Он пристально смотрит в лицо мне, усмехаясь тяжёлой, тоскливой улыбкой.
– Вы думаете, я скажу – глуп? Ах, нет, извините, он не глуп, – ого! Очень способные ребята, да, да, очень. Даже эти татары и разная мордва – отнюдь не глупы и превосходно шлифуются в строю среди русских. Но всё это народ, который не чувствует под собою земли – не в каком-то там революционном или социальном смысле – в этом смысле у него земля есть! И работать он на ней мог бы! Китайцы, батенька мой, на площади в десять сажен квадрата кормятся превосходно, э-э? Нет, это вы сочинили насчёт земли и прочее, это вы – чтобы подкупить его! Земля у мужика есть в этом смысле, в почвенном, хозяйственном. Но у него нет земли в… как это сказать? в духе, что ли бы? У него нет ощущения собственности, понимаете? Он не чувствует России, русской земли, вот в чём суть! Спросите мужика – что такое Россия? Ага! У русского мужика нет ощущения России – вы это понимаете? Он, например, скверно работает, как доказано, он и сам знает, что работает хуже, чем мог бы. Почему? А зачем работать хорошо человеку, который не знает, кто он, где он и что с ним завтра будет, – зачем? Ему – лишь бы покормиться. Он и не живёт, а – кормится… Больше ничего! Позвольте, дайте сказать!
Он поднял обе руки к небу, надул щёки и несколько секунд помолчал, словно молясь в отчаянии.
– Я знаю – вы хотите сказать: образование, культура и так далее. А зачем ему образование и культура, если он не имеет угла, нет у него… пункта, куда он мог бы приложить эту культуру вашу? Он – ничего не хочет, он не любит учиться, не нужно ему это… не нужно!
Быстро выпив стакан вина с водой, он продолжал торопливо, точно усталый раздевался, чтобы поскорее лечь.
– Весь русский народ – нигилист, – резко?
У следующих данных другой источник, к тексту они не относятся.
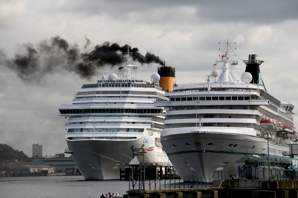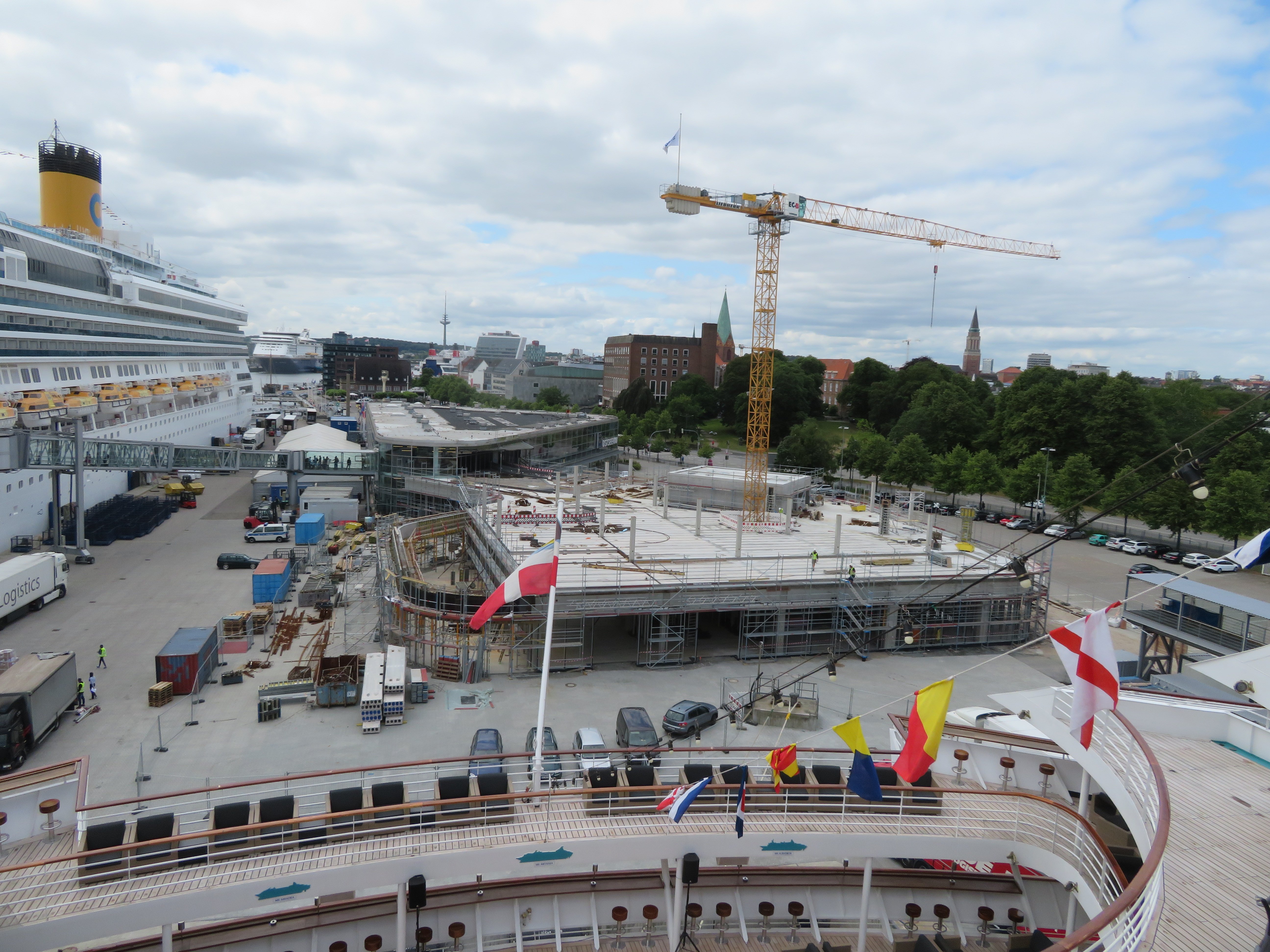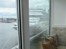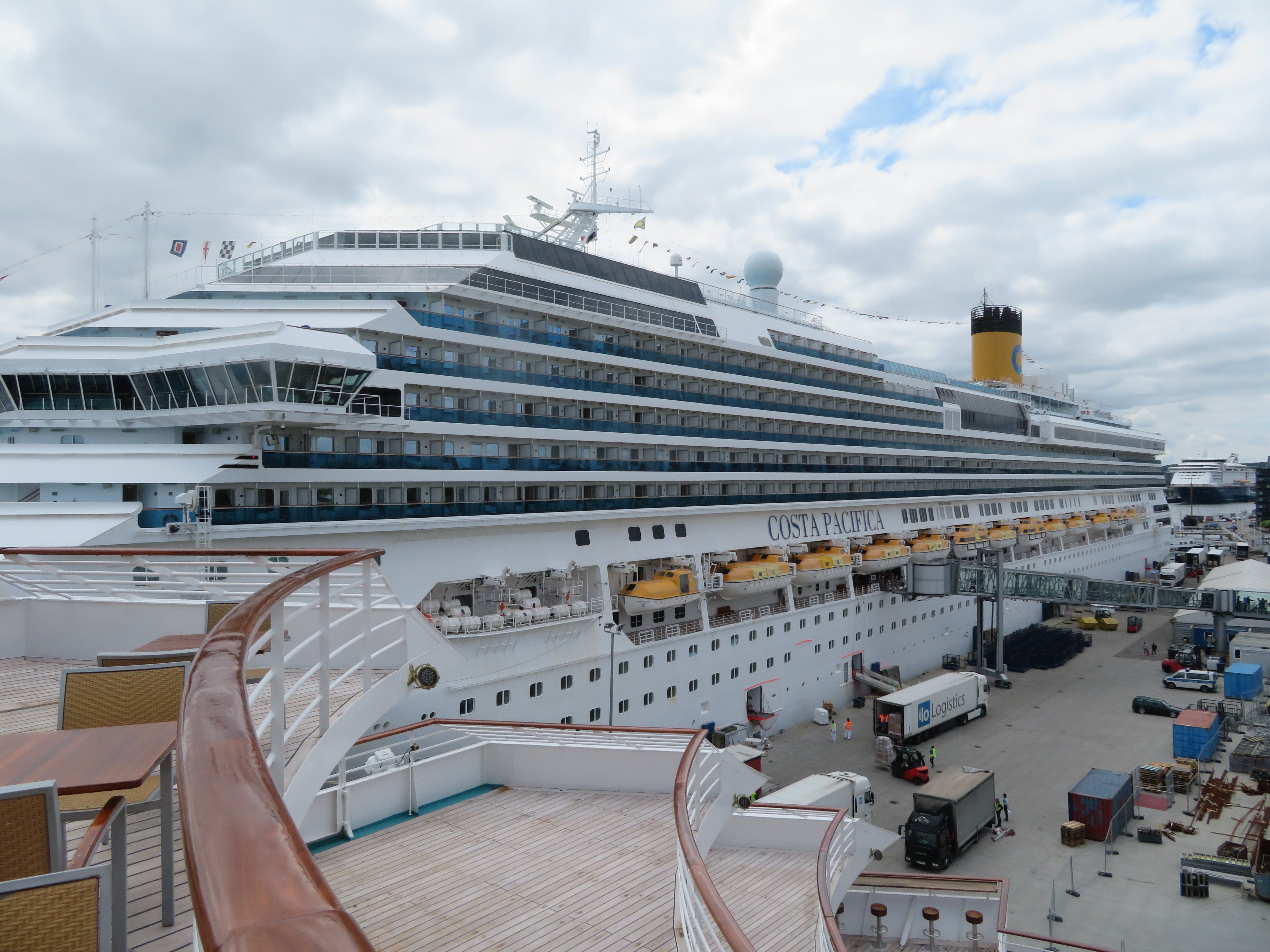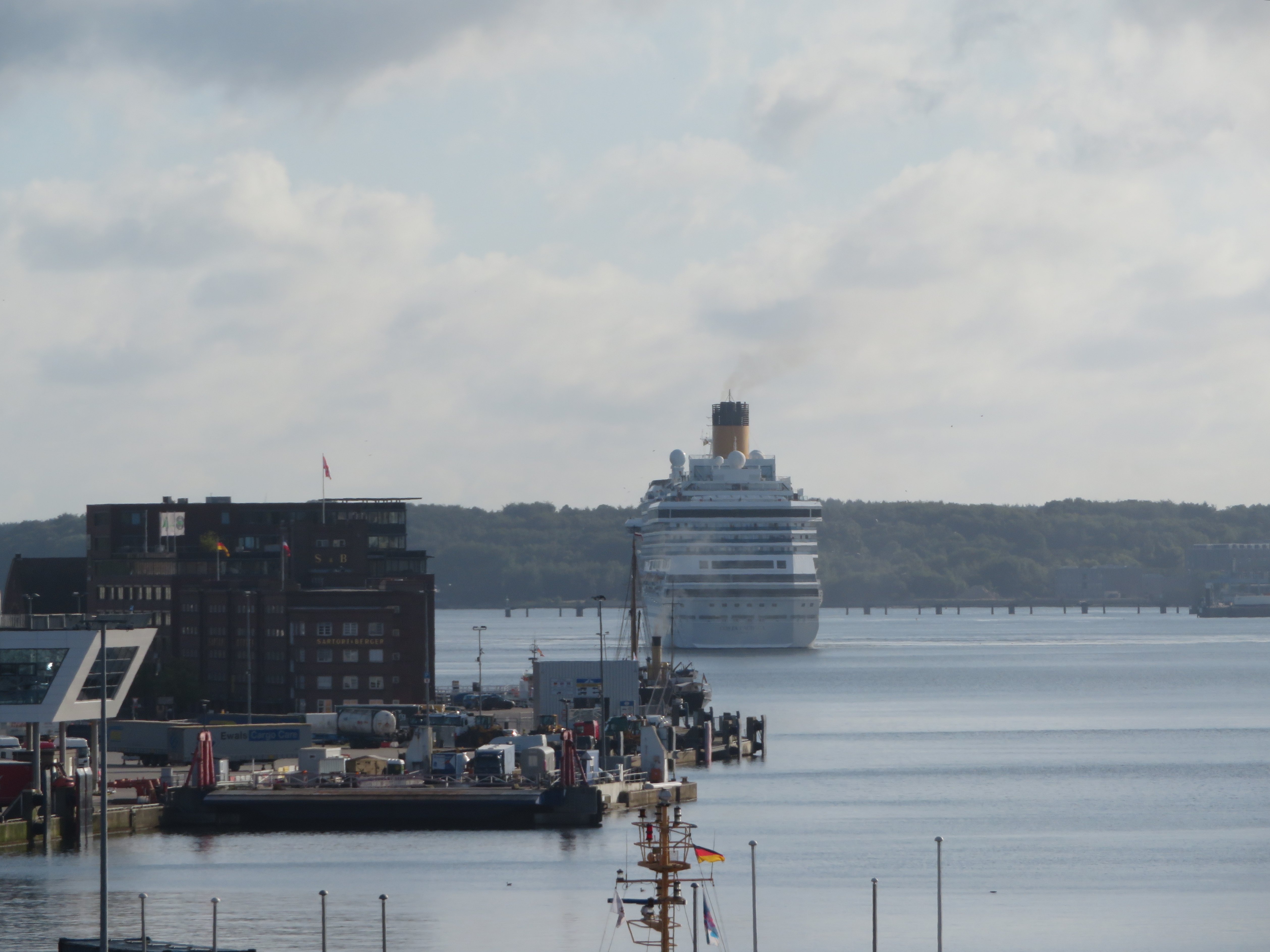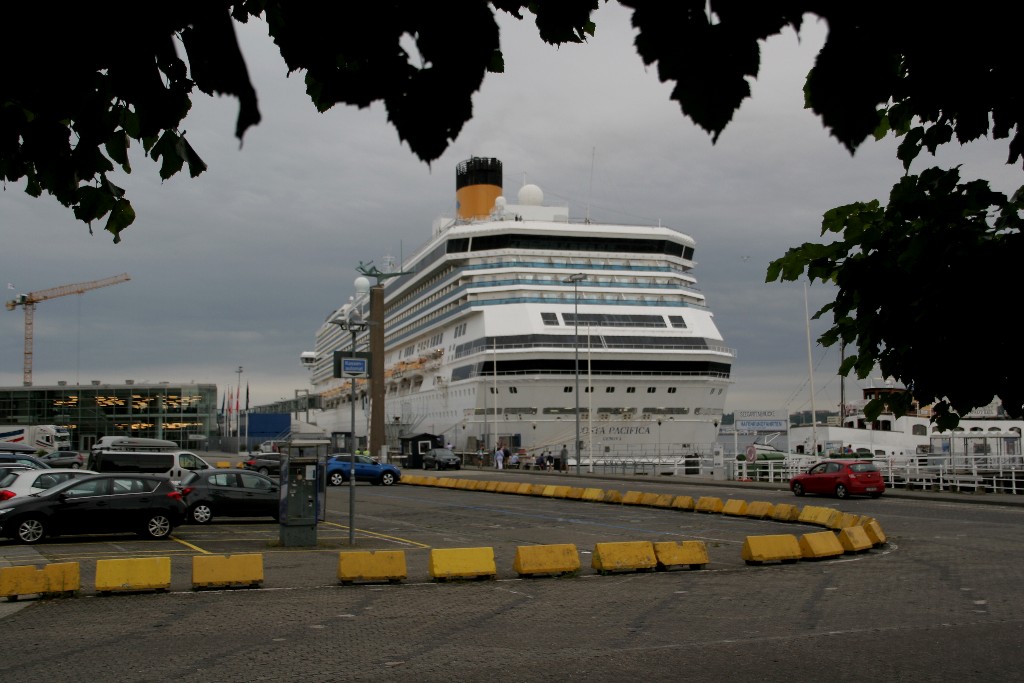 Die "Costa Pacifica" wartet am Ostseekai hinter der "Artania" mit einem tiefschwarzen "Heizergruß" auf ihr Auslaufmanöver

Верно-с! Он ни во что не верит. Он – в воздухе висит, народ этот. Он? Самый противогосударственный материал, и никакого чёрта из него не сделаешь, хоть лопни. Дресва. Рыхлое что-то, навеки и век века – рыхлое…
Видимо, он много думал о том, что говорил, и, хотя его слова были истёрты, безличны, стары, но в голосе и и каждом жесте чувствовалась та сила убеждения, которая даётся многими бессонными ночами, великой тоской о чём-то, чего страстно хочется, но что, может быть, неясно сознаёт человек.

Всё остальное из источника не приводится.